▶

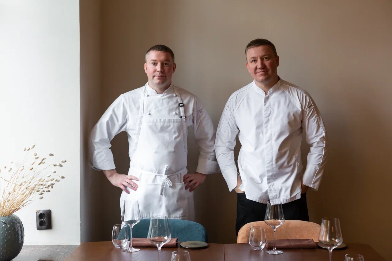 Для гастрольного ужина в «Гранд Кофемании» братья Гребенщиковы приготовили специальное меню из шести блюд, построенное вокруг локальных продуктов и сезонных вкусов.
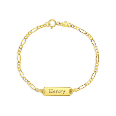 Embrace the timeless charm of an engravable tag ID bracelet designed for baby boys, accentuated by an elegant figaro chain. This bracelet is meticulously crafted from genuine 18k yellow gold, ensuring safety and comfort for your little one's sensitive skin. A classic and refined choice, this bracelet is the perfect gift for celebrating a baby or toddler's special birthday. Rest assured, your purchase includes a gift box, adding an extra touch of thoughtfulness to this beautiful keepsake.
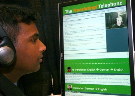 Thambiratnam說(shuō):“當(dāng)多種不同背景的人需要一起交流時(shí),我們的技術(shù)就能提供非常大的便利。”Thambiratnam用同聲傳譯電話展示了這樣一種的情景:Thambiratnam說(shuō)英語(yǔ),他要給他的德國(guó)籍經(jīng)理Frank
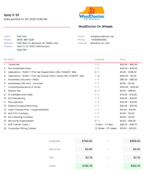 We keep pricing simple and fair—just one travel fee per visit, no matter how many pets we see. Each pet has their own exam fee, and any additional services or medications or are added only if needed, so every pet gets the attention they deserve.
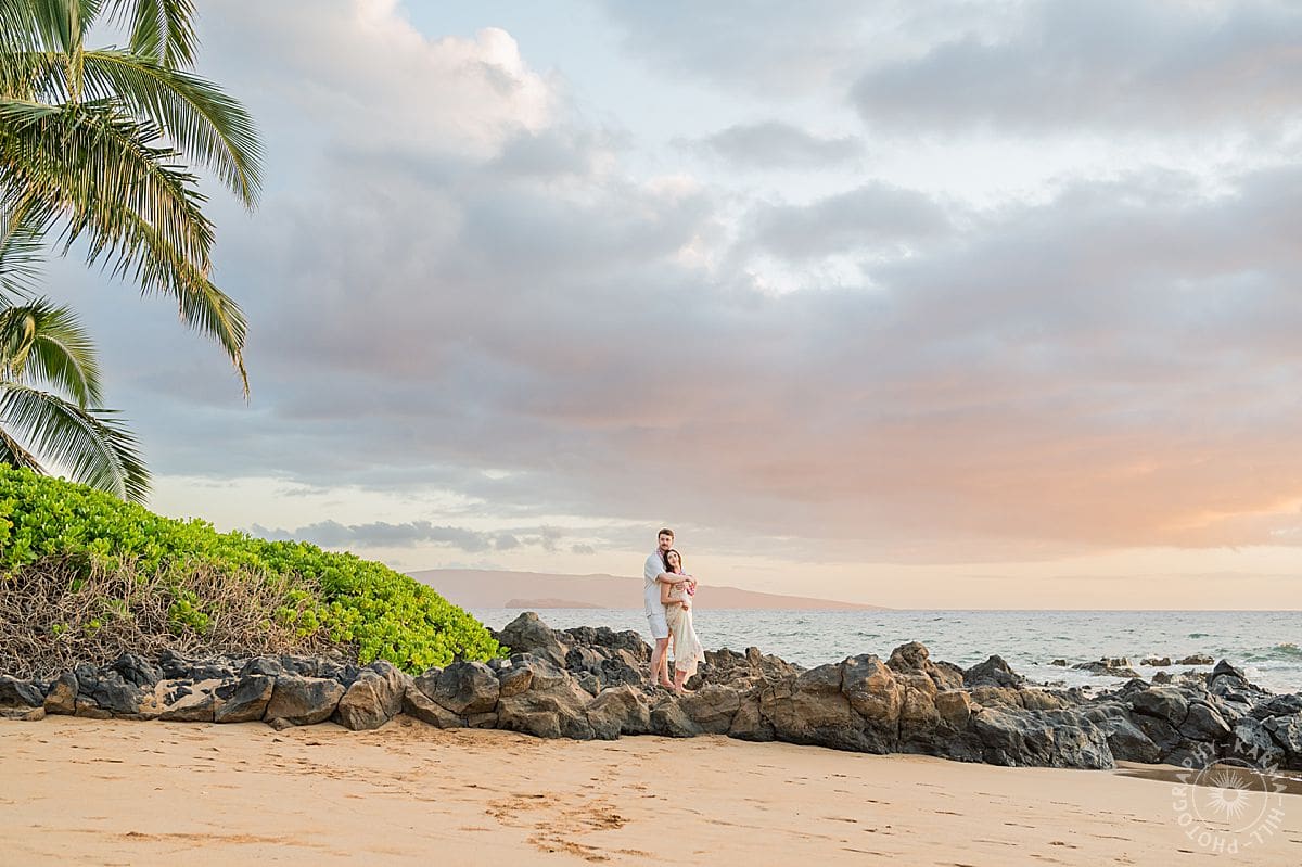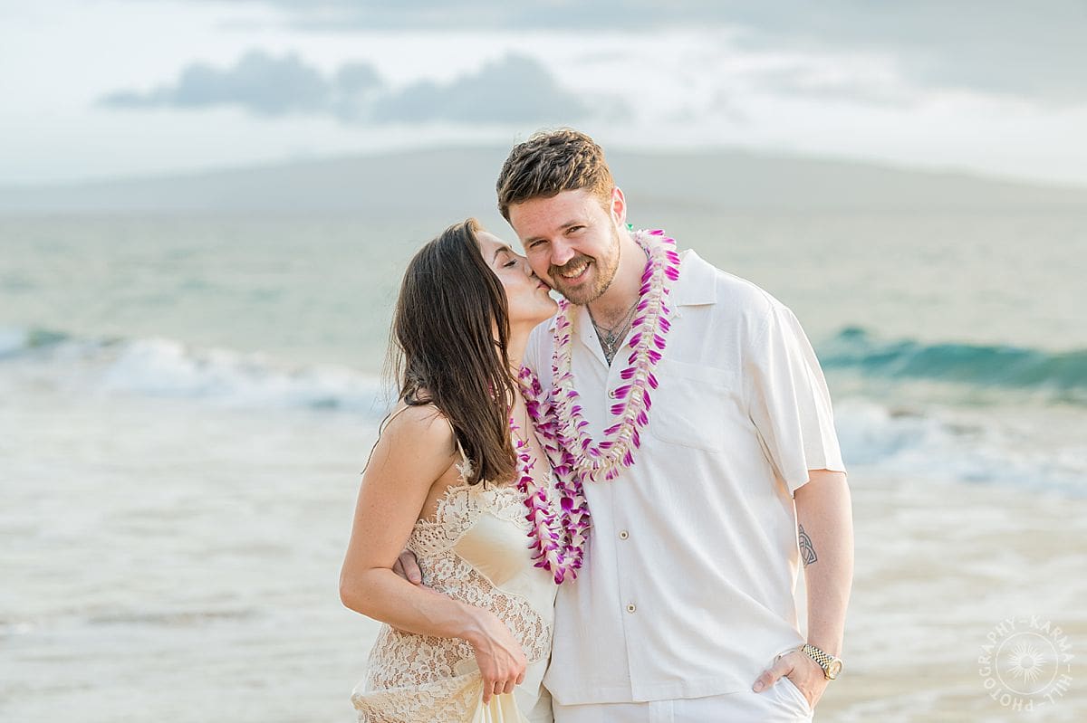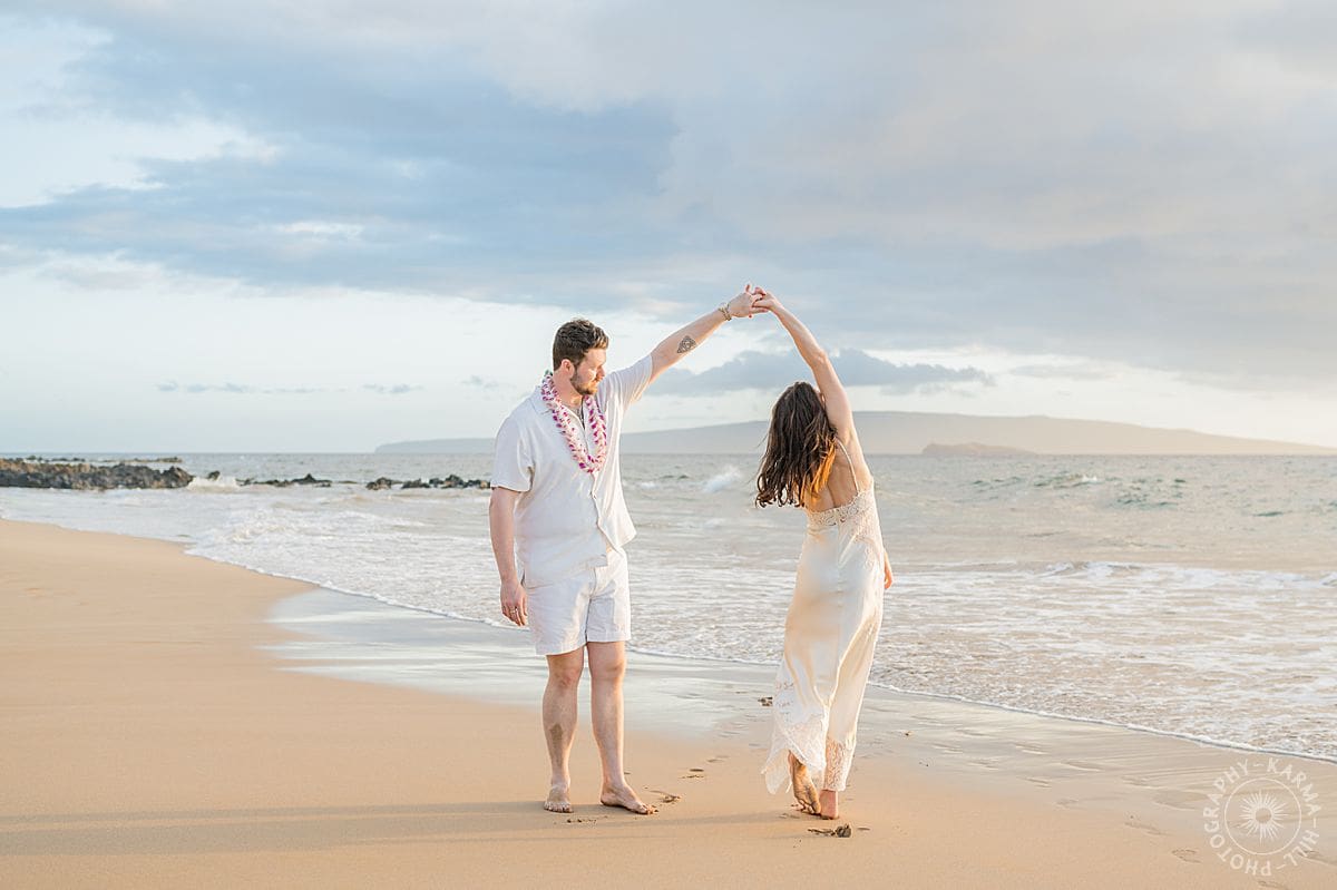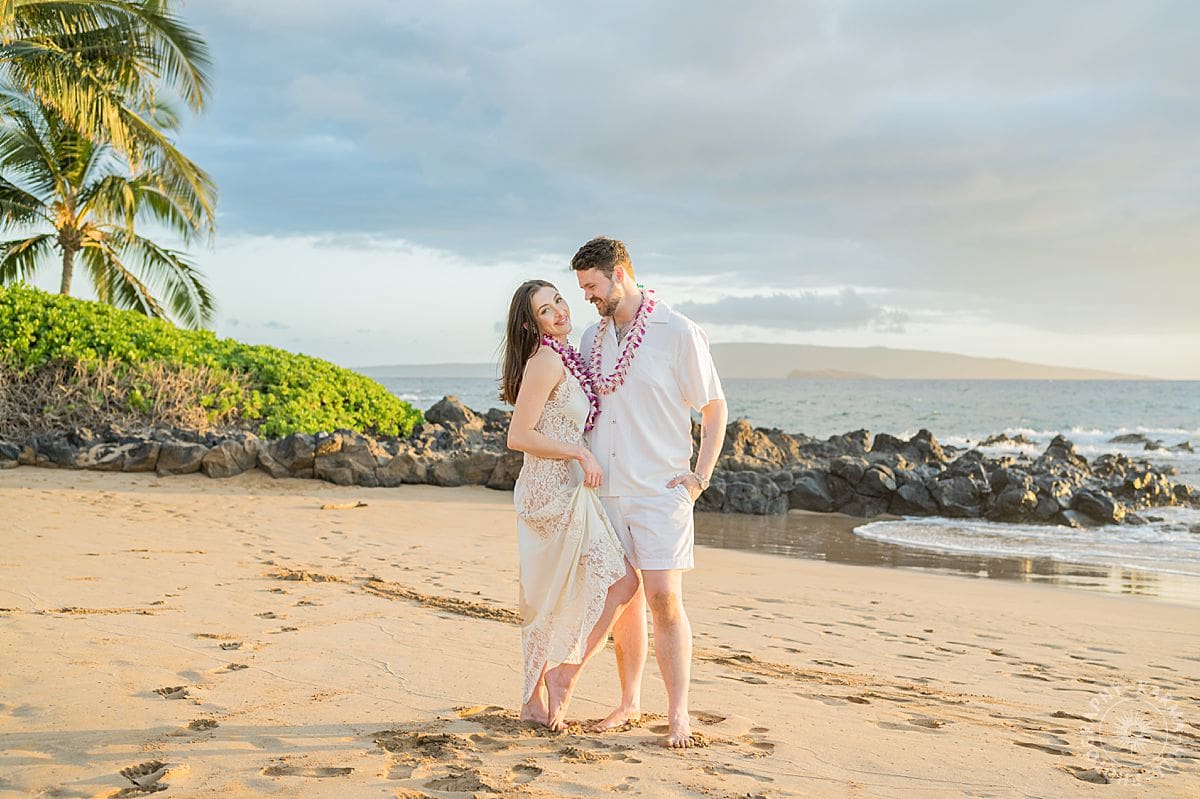 The sunset that followed was, frankly, showing off. Soft pastels, golden edges, that dreamy Maui glow that makes everything look more romantic. Casey and Emily leaned into it, posing, laughing, kissing, and taking their time to savor every second of this new beginning. No rushing, no stress. Just two people, a beach, and a story they’ll never forget.
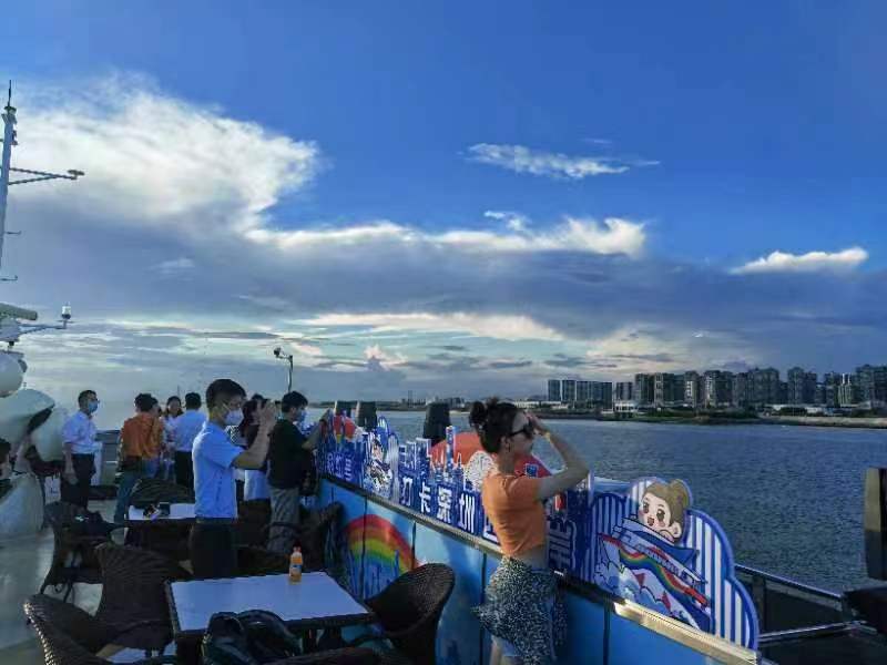 首航当天,夕阳西下、海风轻拂,2-3分钟就有一架飞机从空中掠过。嘉宾和游客尽情饱览空海“联动”的特别景致和沿途风光,纷纷拿出手机拍照记录。除了航线沿途无限风光之外,船上还有充满文艺气息的节目表演、妙趣横生的互动游戏,给游客带来了丰富多样的休闲体验,为深圳及周边城市居民周末家庭休闲提供了新选择。

◀

# Exercise details:
Could you restate the entries word for word, skipping any pictures?

# Exercise solution:
 Для гастрольного ужина в «Гранд Кофемании» братья Гребенщиковы приготовили специальное меню из шести блюд, построенное вокруг локальных продуктов и сезонных вкусов.
 Embrace the timeless charm of an engravable tag ID bracelet designed for baby boys, accentuated by an elegant figaro chain. This bracelet is meticulously crafted from genuine 18k yellow gold, ensuring safety and comfort for your little one's sensitive skin. A classic and refined choice, this bracelet is the perfect gift for celebrating a baby or toddler's special birthday. Rest assured, your purchase includes a gift box, adding an extra touch of thoughtfulness to this beautiful keepsake.
 Thambiratnam說(shuō):“當(dāng)多種不同背景的人需要一起交流時(shí),我們的技術(shù)就能提供非常大的便利。”Thambiratnam用同聲傳譯電話展示了這樣一種的情景:Thambiratnam說(shuō)英語(yǔ),他要給他的德國(guó)籍經(jīng)理Frank
 We keep pricing simple and fair—just one travel fee per visit, no matter how many pets we see. Each pet has their own exam fee, and any additional services or medications or are added only if needed, so every pet gets the attention they deserve.
 The sunset that followed was, frankly, showing off. Soft pastels, golden edges, that dreamy Maui glow that makes everything look more romantic. Casey and Emily leaned into it, posing, laughing, kissing, and taking their time to savor every second of this new beginning. No rushing, no stress. Just two people, a beach, and a story they’ll never forget.
 首航当天,夕阳西下、海风轻拂,2-3分钟就有一架飞机从空中掠过。嘉宾和游客尽情饱览空海“联动”的特别景致和沿途风光,纷纷拿出手机拍照记录。除了航线沿途无限风光之外,船上还有充满文艺气息的节目表演、妙趣横生的互动游戏,给游客带来了丰富多样的休闲体验,为深圳及周边城市居民周末家庭休闲提供了新选择。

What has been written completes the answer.